Components of operating results
We categorize our revenue into (1) lidar sensor and prototype revenue and (2) development revenue.
Lidar sensor and prototype revenue is primarily derived from the sale of components and license of technologies to tier 1 suppliers for mass market ADAS applications in the automotive market and the sale of lidar sensors directly to end-user customers in the Smart Infrastructure markets. Our lidar sensors are used in applications such as advanced driver assistance systems, autonomous vehicles, and intelligent transportation systems. Our customers include leading original equipment manufacturers and suppliers within the automotive and smart infrastructure industries. We anticipate strong revenue growth in the foreseeable future as we continue to form strategic partnerships and as the primary source of revenue shifts from prototype sales to sales of commercialized production-ready lidar sensors. Development revenue represents arrangements with tier 1 suppliers focused on the specific customization of our proprietary lidar capabilities to the customers' applications, typically involving development of customized lidar sensor prototypes for those customers. The timing of revenue recognition for development contracts is determined for each performance obligation based on the unique facts and circumstances within each development arrangement, which generally results in recognition at a point in time. This assessment is made at the outset of the arrangement for each performance obligation. Revenue is primarily derived from the sale of components and license of technologies to tier 1 suppliers for mass market ADAS applications in the automotive market and the sale of lidar sensors directly to end-user customers in the Smart Infrastructure markets. Our lidar sensors are used in applications such as advanced driver assistance systems, autonomous vehicles, and intelligent transportation systems. Our customers include leading original equipment manufacturers and suppliers within the automotive and smart infrastructure
industries. 30 Cost of Revenue Cost of revenue includes the manufacturing cost of our lidar sensors and components, which primarily consists of personnel-related costs directly associated with our manufacturing organization, and amounts paid to our third-party contract manufacturers and vendors.
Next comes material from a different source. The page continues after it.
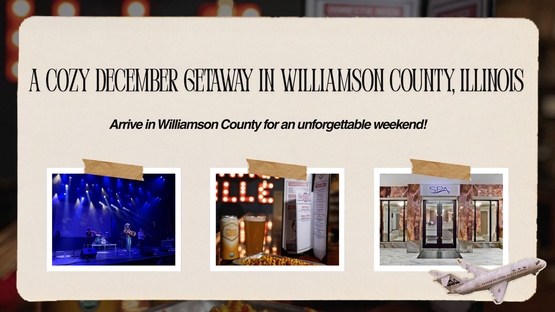 Welcome to a cozy winter escape in Southern Illinois! Whether you’re planning a romantic weekend away, a festive family trip, or just some quiet time by the fire, Williamson County has no shortage of cozy, unforgettable moments waiting to be discovered. Day 1: Arrive, Eat Well & Get

Our cost of revenue also includes cost of component inventory, product testing costs, an allocated portion of overhead costs, warranty expense, excess and obsolete inventory, and shipping costs. We expect cost of revenue to increase in absolute dollars in future periods. Increased costs for components, logistics and other supply chain expenses, driven in part by inflation and supply chain shortages, have negatively impacted, and may continue to negatively impact, our cost of revenue. Gross Margin Our gross margin in future periods will depend on a variety of factors including market conditions that may impact our pricing; product mix changes between established products and new products; excess and obsolete inventories; our cost structure for manufacturing operations, including third-party manufacturers, relative to volume. Our gross margin varies by product. We expect our gross margins to fluctuate over time, depending on the factors described above. Increased costs for components, logistics and other supply chain expenses, driven in part by inflation and supply chain shortages, have negatively impacted, and may continue to negatively impact, our gross margin. Operating Expenses
Research and development costs
Research and development expenses consist primarily of personnel-related costs, material expenses, permits, licenses, and professional services costs directly associated with our research and development activities. The remainder primarily relates to the allocated portion of overhead costs. Our research and development efforts are focused on enhancing and developing additional functionality for our existing products and on new product development, including new releases and upgrades to our lidar sensors. We expense research and development costs as incurred. We expect our research and development expenses to increase in absolute dollars as we increase our investment in software development to broaden the capabilities of our solutions and introduce new products and features.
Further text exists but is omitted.